Following Edison's invention a whole multitude of other electrical devices quickly followed in the years to come.

Nothing has altered the face of technology like the discovery and practical applications of electrical power.


8. In 1928 a Scottish scientist called Alexander Fleming was experimenting with bacteria in his laboratory when he discovered something that would change the world. 



He noticed that one of his petri dishes filled with bacteria had become contaminated with mould, and everywhere the mould had spread the bacteria was dead. 

What was this mysterious mould that had the ability to stop bacteria dead in its tracks, it turned out to be a fungus called Penicillium.

Over the next two decades chemists purified the fungus and eventually turned it into the drug penicillin, the worlds first antibiotic. 

Penicillin proved to be the magic bullet for a whole load of previously deadly diseases, this new miracle cure could fight off infections without doing any harm to most humans. 

Fleming's discovery forever changed the way we treat
diseases.


9. British mathematician and inventor Charles Babbage invented the first computer in the year 1832.

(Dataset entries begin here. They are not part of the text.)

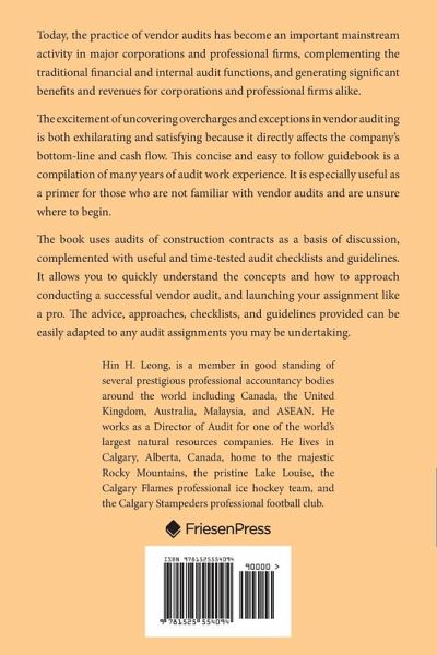 Today, the practice of vendor audits has become an important mainstream activity in major corporations and professional firms, complementing the traditional financial and internal audit functions, and generating significant benefits and revenues for corporations and professional firms alike. The excitement of uncovering overcharges and exceptions in vendor auditing is both exhilarating and satisfying because it directly affects the company's bottom-line and cash flow. This concise and easy to follow guidebook is a compilation of many years of audit work experience. It is especially useful as a primer for those who are not familiar with vendor audits and are unsure where to begin. The book uses audits of construction contracts as a basis of discussion, complemented with useful and time-tested audit checklists and guidelines. It allows you to quickly understand the concepts and how to approach conducting a successful vendor audit, and launching your assignment like a pro. The advice, approaches, checklists, and guidelines provided can be easily adapted to any audit assignments you may be undertaking.
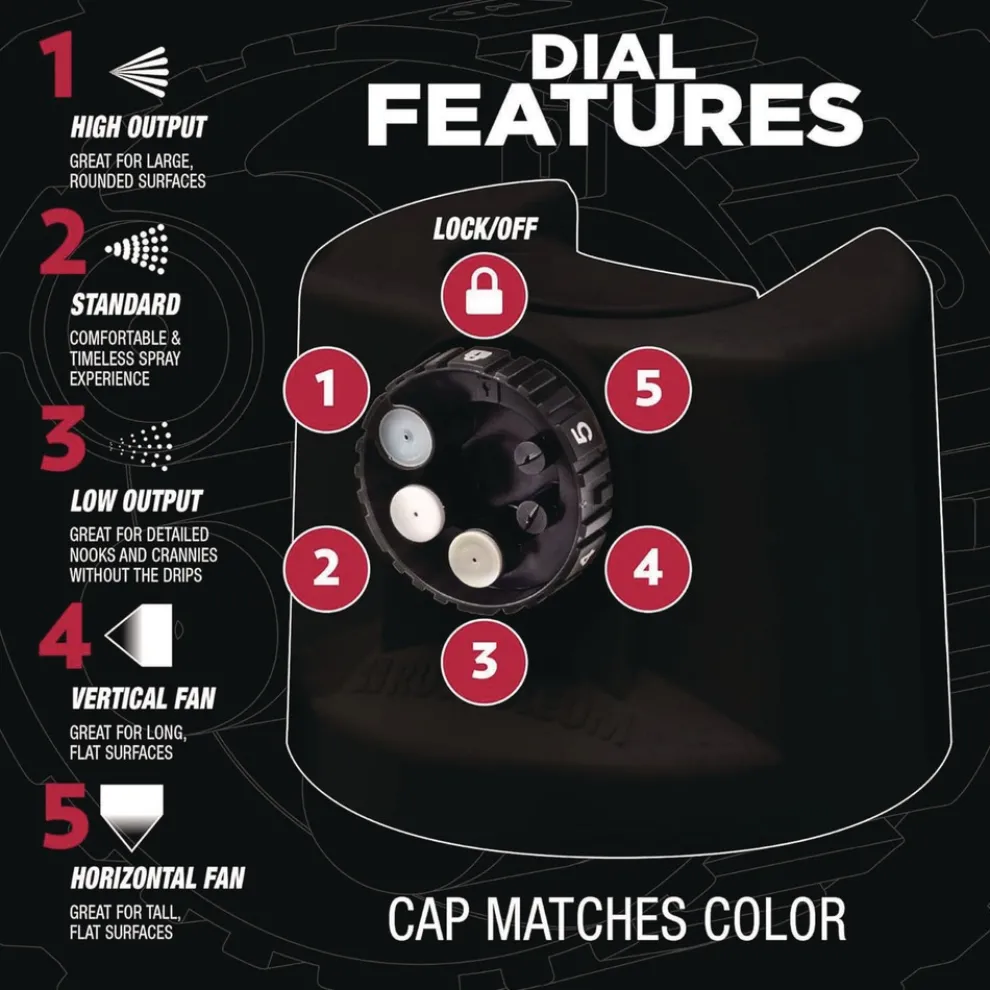 Rust-Oleum Stops Rust Custom Spray 5-in-1 allows you to choose between five different spray patterns for ultimate control and confidence over your next project. The advanced Stops Rust formula provides 30% greater corrosion resistance and color retention compared to original matching Stops Rust colors with standard tip. Ideal for ferrous, nonferrous metal and wood surfaces. Not for use on galvanized metal.
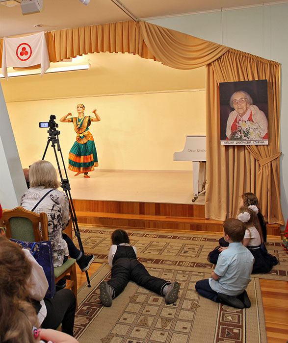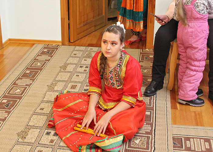 Продолжилось наше праздничное мероприятие прекрасным, ярким выступлением студии индийского классического танца «Васанта» центра внешкольной работы «Галактика» (руководитель Елена Суворова).
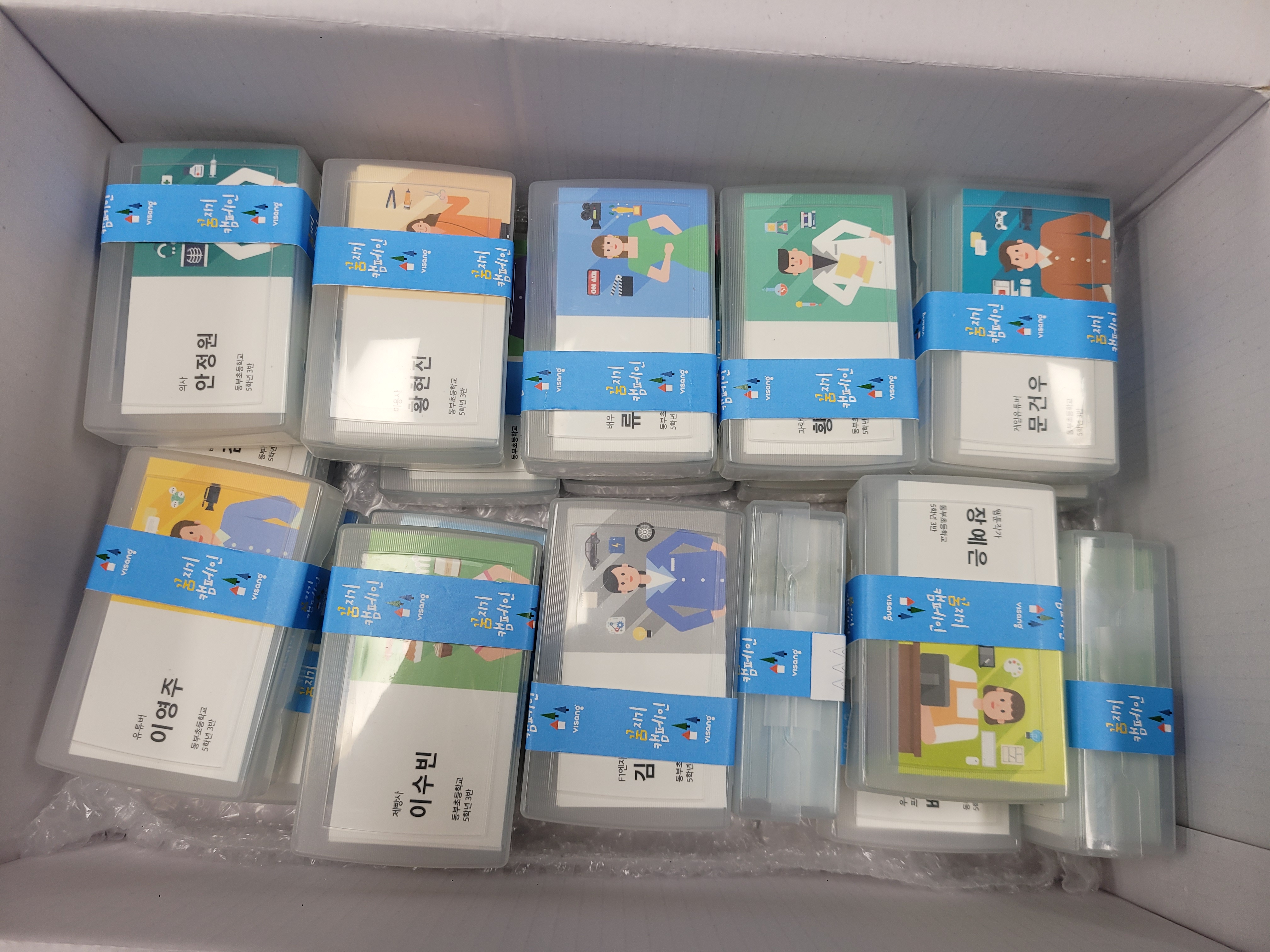 5학년 아이들과 함께 꿈명함 프로젝트에 참여했는데, 기대했던 것보다 반응이 훨씬 뜨거웠습니다. 막연하게만 생각하던 자신의 장래 희망이 실제 '명함'이라는 결과물로 나오니 아이들이 정말 신기해 하고 뿌듯해 하네요. 친구들과 서로 명함을 교환하며 서로의 꿈을 응원해 주는 모습도 참 보기 좋았습니다. 아이들에게 잊지 못할 특별한 추억을 만들어 주셔서 감사합니다. |

It contained processors which Babbage called "mills" and a memory which he called the "store", just like in modern computers. 

But unfortunately Babbage was way ahead of his time, it wouldn't be until over 100 years later in 1971 when the world's first personal computer was manufactured and sold.

It was called the Kenbak-1 and sold for $750. 

Ever since then computer technology has accelerated at an unprecedented rate and subsequently so has human knowledge and our technological accomplishments. 

Just like the abacus did thousands of years ago, the personal computer outsourced the task of complex mathematics
and problem solving to machines. 

The computer was so influential to human development that
it accelerated us into a brand new age, the information age.


10. And finally, you can't talk about the personal computer, without, of course talking about the internet. 



No other invention has shaped the way we go about our daily lives, as much as the internet. 

We now heavily rely on the internet for shopping, business, relationships, entertainment, creativity and general human communications. 

English computer scientist Sir Tim Berners-Lee invented the World Wide Web in 1989 whilst working at CERN, he then
wrote the very first HTTP web client and server in 1990.

Berners-Lee also founded the World Wide Web Consortium, which is responsible for maintaining the international standards for URLs, HTTP, HTML and CSS, or to put it more simply, the technology that the entire internet runs on. 

We still use those same standards and technologies to this day. 

So, in a movement that could be considered both scary and exciting at the very same time, the internet changed human kind like nothing before it, and as the internet and the way
we use it evolves every year, so too, does the human race.